John Hamilton Mortimer
1740 - 1779
A Portrait study of Lady Jane Piggott (1751-1841)
Essay:
John Hamilton Mortimer was an English painter of historical and romantic literary themes, portraits and conversation pieces. He was born in Eastbourne in 1740. In 1757 he was briefly a pupil of Thomas Hudson at the same time as his friend, Joseph Wright of Derby, and in 1759 he studied with Thomas Edge Pine and was close friends with Thomas Jones, his fellow student at the St Martin's Lane Academy. He won several prizes from the Society of Artists, was elected ARA in 1778, and exhibited at the Royal Academy in 1778 and 1779.
Mortimer was very active in the progressive group of the Society of Artists and was elected President in 1774. His conversation pieces were influenced by Zoffany, though from 1770 his style became more romantic and influenced by Salvator Rosa with groups of banditti in wild Italianate scenery.

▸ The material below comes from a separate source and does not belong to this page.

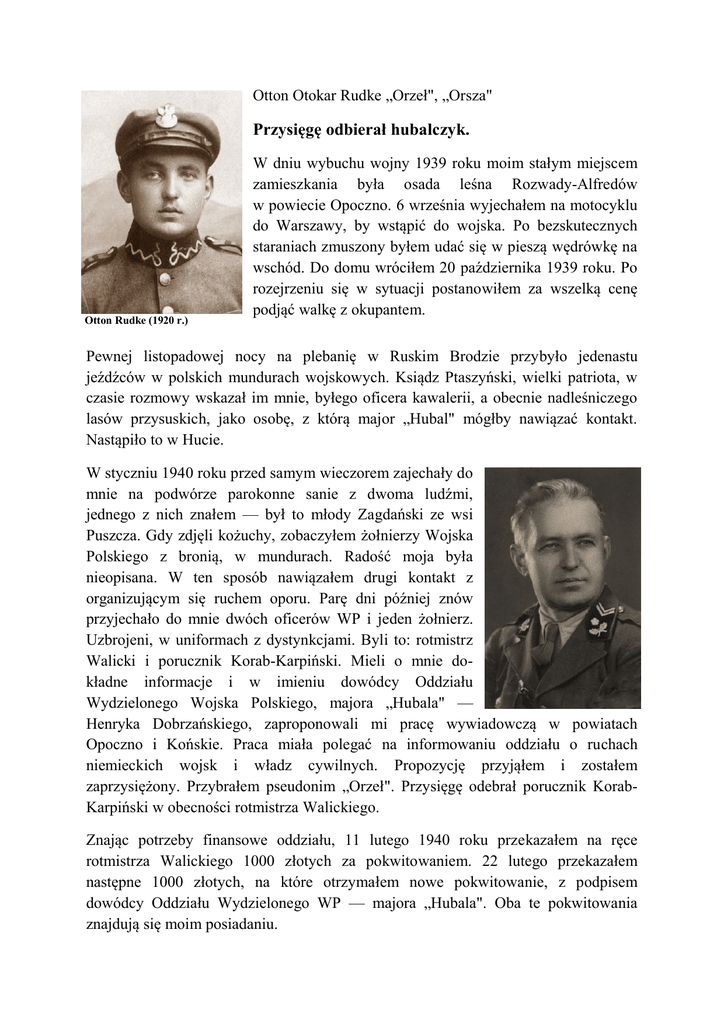 Otton Otokar Rudke „Orzeł", „Orsza" Przysięgę odbierał hubalczyk. Otton Rudke (1920 r.) W dniu wybuchu wojny 1939 roku moim stałym miejscem zamieszkania była osada leśna Rozwady-Alfredów w powiecie Opoczno. 6 września wyjechałem na motocyklu do Warszawy, by wstąpić do wojska. Po bezskutecznych staraniach zmuszony byłem udać się w pieszą wędrówkę na wschód. Do domu wróciłem 20 października 1939 roku. Po rozejrzeniu się w sytuacji postanowiłem za wszelką cenę podjąć walkę z okupantem. Pewnej listopadowej nocy na plebanię w Ruskim Brodzie przybyło jedenastu jeźdźców w polskich mundurach wojskowych. Ksiądz Ptaszyński, wielki patriota, w czasie rozmowy wskazał im mnie, byłego oficera kawalerii, a obecnie nadleśniczego lasów przysuskich, jako osobę, z którą major „Hubal" mógłby nawiązać kontakt. Nastąpiło to w Hucie. W styczniu 1940 roku przed samym wieczorem zajechały do mnie na podwórze parokonne sanie z dwoma ludźmi, jednego z nich znałem — był to młody Zagdański ze wsi Puszcza. Gdy zdjęli kożuchy, zobaczyłem żołnierzy Wojska Polskiego z bronią, w mundurach. Radość moja była nieopisana. W ten sposób nawiązałem drugi kontakt z organizującym się ruchem oporu. Parę dni później znów przyjechało do mnie dwóch oficerów WP i jeden żołnierz. Uzbrojeni, w uniformach z dystynkcjami. Byli to: rotmistrz Walicki i porucznik Korab-Karpiński. Mieli o mnie dokładne informacje i w imieniu dowódcy Oddziału Wydzielonego Wojska Polskiego, majora „Hubala" — Henryka Dobrzańskiego, zaproponowali mi pracę wywiadowczą w powiatach Opoczno i Końskie. Praca miała polegać na informowaniu oddziału o ruchach niemieckich wojsk i władz cywilnych. Propozycję przyjąłem i zostałem zaprzysiężony. Przybrałem pseudonim „Orzeł". Przysięgę odebrał porucznik KorabKarpiński w obecności rotmistrza Walickiego. Znając potrzeby finansowe oddziału, 11 lutego 1940 roku przekazałem na ręce rotmistrza Walickiego 1000 złotych za pokwitowaniem. 22 lutego przekazałem następne 1000 złotych, na które otrzymałem nowe pokwitowanie, z podpisem dowódcy Oddziału Wydzielonego WP — majora „Hubala". Oba te pokwitowania znajdują się moim posiadaniu. Podziękowanie dla Ottona Rudke za przekazanie 1000 zł na rzecz oddziału majora Hubala z dnia 22.02.1940 r. Ponadto przekazałem schowane w lesie: jeden ckm, jeden rkm i 9 karabinów wraz z kilkoma skrzynkami amunicji. Major „Hubal" był później częstym gościem w moim domu, a pewnego wieczora przywiózł cały sztab – kilkunastu oficerów. Wszyscy ubrani byli w mundury wojskowe. Przeżywaliśmy wówczas radość nie do opisania. Zdawało się nam, że Polska znów powstała. Entuzjazm rósł z dnia na dzień. Chłopi dostarczali do Gałek żywność i broń. Codziennie zgłaszali się żołnierze różnych rodzajów broni. Oddział powiększał się i rósł w siłę. W jego skład wchodziły wówczas: kawaleria, saperzy, piechota, grupy specjalne, lekarz i ksiądz zakonnik z klasztoru w Studziannie. Oprócz broni różnego rodzaju było nawet jedno działo. Oddział „Hubala" rozrósł się do przeszło 300 ludzi. „Hubalczycy" unikali początkowo większych bitew, przerzucając się z miejsca na miejsce. Do pierwszego starcia z Niemcami doszło pod Maciejowicami. Potem nastąpiły walki w Górach Świętokrzyskich i wielki bój pod Huciskami. Niemcy ponieśli w tych walkach duże straty. Na wiosnę 1940 roku z Warszawy do Gałek przyjechał pułkownik Leopold Okulicki (pseudonim „Miller"), komendant okręgu ZWZ Łódź, i wydał „Hubalowi" w imieniu Komendy Głównej ZWZ rozkaz rozwiązania oddziału. Broń, amunicję, sprzęt i dokumenty należało ukryć, ludzi rozpuścić i przejść do konspiracji. Major „Hubal" był bardzo podniecony, w złości powiedział: — Ja takich rozkazów nie przyjmuję, raz przysięgę składałem i żadna siła do jej złamania mnie nie zmusi. Mam was w d... — i wyszedł na podwórze. Kilkunastu najbardziej oddanych ludzi otoczyło „Hubala" wołając: — My z wami! Gdy się ściemniło, 18 jeźdźców opuściło sławną wieś Gałki na najlepszych koniach. Smutny był obraz przemykających się żołnierzy Wydzielonego Oddziału Wojska Polskiego. W Opocznie spotkałem się jeszcze z kilkoma oficerami „Hubala" i ułatwiłem im wyjazd do Piotrkowa. Major „Hubal" na czele swojej małej grupki wyjechał w lasy spalskie. Na początku maja 1940 roku rozeszła się wiadomość, że zginął w lesie pod Anielinem. Został przeszyty serią broni maszynowej, z odległości kilku metrów, 29 kwietnia 1940 roku. W lipcu zaszło do mnie kilku rozbitków z jego oddziału z erkaemem. Od nich dowiedziałem się, w jakich okolicznościach zginął „Hubal". Podobno został pochowany z honorami, lecz grobu nikt nie mógł odnaleźć. Niemcy w barbarzyński sposób pomordowali wszystkich mężczyzn z Gałek, a wieś spalili. Nastąpił okres ciszy, nic się w okolicy nie działo, aż dopiero w roku 1942 w letnią noc zawitał nieliczny oddział GL. Jednego z gwardzistów znałem i jemu dałem na potrzeby oddziału i dwie blaszane skrzynki z amunicją, znalezione w lesie. Wkrótce ' potem przyszedł liczniejszy oddział GL połączony z pierwszym. Dowódca oddziału powiedział, że nosi pseudonim „Wilk", a oddział należy do Gwardii Ludowej. Po spożyciu przygotowanej na poczekaniu kolacji zaczęliśmy rozmawiać. Dowódca oddziału — Józef Rogulski spod Drzewicy — zapronował mi współpracę z Gwardią Ludową. Propozycję przyjąłem, gdyż było to zgodne z moimi poglądami. Nie mogłem pozostawać bezczynnym. Jednakże oddział „Wilka" więcej nie odwiedzał mojej okolicy, podobno przeniósł się nad Pilicę. Latem 1943 roku zaczęto wywozić Żydów do obozów śmierci. Pewnego dnia zaszła do mnie Żydówka z Drzewicy i poprosiła o pomoc. Postarałem się dla niej o wiejski przyodziewek i per-hydrolem utleniłe

His major works were executed in the 1770's, such as ceiling decorations for Brocket Hall which were completed in 1773, and grand historical pictures for Radburne Hall. His best portraits and conversation pieces were executed towards the end of his life which was cut suddenly short by an unknown illness.
-
This portrait was likely painted c.1775 in the last decade of Mortimer's life during the height of his powers as an artist and at around the time that he was elected President of the Society of Artists.
Lady Jane Piggott (nee Dunnington) was born in Manchester in 1751 and married Sir Arthur Leary Piggott in 1773. Sir Arthur (1749 - 1819) was a highly respected lawyer and politician born in the West Indies. A staunch Whig, he was Knighted and appointed Attorney General in 1806 and was MP for Arundel, Sussex.
Another portrait by Mortimer which is presumed to be of Lady Piggott is in The Louvre (RF 2439). This work, perhaps the finished version with the present painting being the preliminary sketch, shows Lady Piggott in a feigned oval holding a print portrait of Richard II from Mortimer's own series of etchings 'Twelve Characters from Shakespeare' published 20 May 1775. The Louvre has therefore dated their picture to 1775 and we may suggest the same date, or slightly earlier, for the present picture.
The inclusion of Mortimer's own print in the Louvre picture hints at a close friendship between him and the Piggotts. Indeed, Jane Piggott is recorded as witnessing Mortimer's will alongside other close friends Mary Ireland and Allen Hurrell, Mortimer's brother-in-law. John Sunderland writes that Jane Piggott presented her portrait (meaning the present picture) to Catherine Ann Lanyon, Mortimer's niece, 'with whom she was very friendly' (see J. Sunderland in lit., p. 98).
A note on the provenance:
Sir Charles Lanyon, Mortimer's great-nephew, was an MP, engineer and architect. He is considered Belfast's most important architect of the Victorian era alongside William Barre. Among his best known projects are the Antrim Coast Road (1832-42), the main building of Queen's University (1849), and Belfast Custom House (1857). The painting remained in the possession of Mortimer's descendants until well into the 20th century.
Provenance:
Given to Catherine Ann Lanyon, née Mortimer (1773 - 1840) the artist's niece, by Lady Jane Piggott;
By descent to her son the architect Sir Charles Lanyon (1813 - 1889);
By descent to Dorothy Elizabeth Mary Millar, née Westropp (her inscription verso) (1904 - ?)
Private collection, UK.
Literature:
'The Life of Mortimer the Painter', in The Monthly Magazine, or, British Register, Issue I, 6 Feb 1796, p. 24.
J. Sunderland, 'John Hamilton Mortimer and His Life and Works', in The Walpole Society, Vol. 52, 1986, p. 192, cat. no. 144, ill., fig. 265.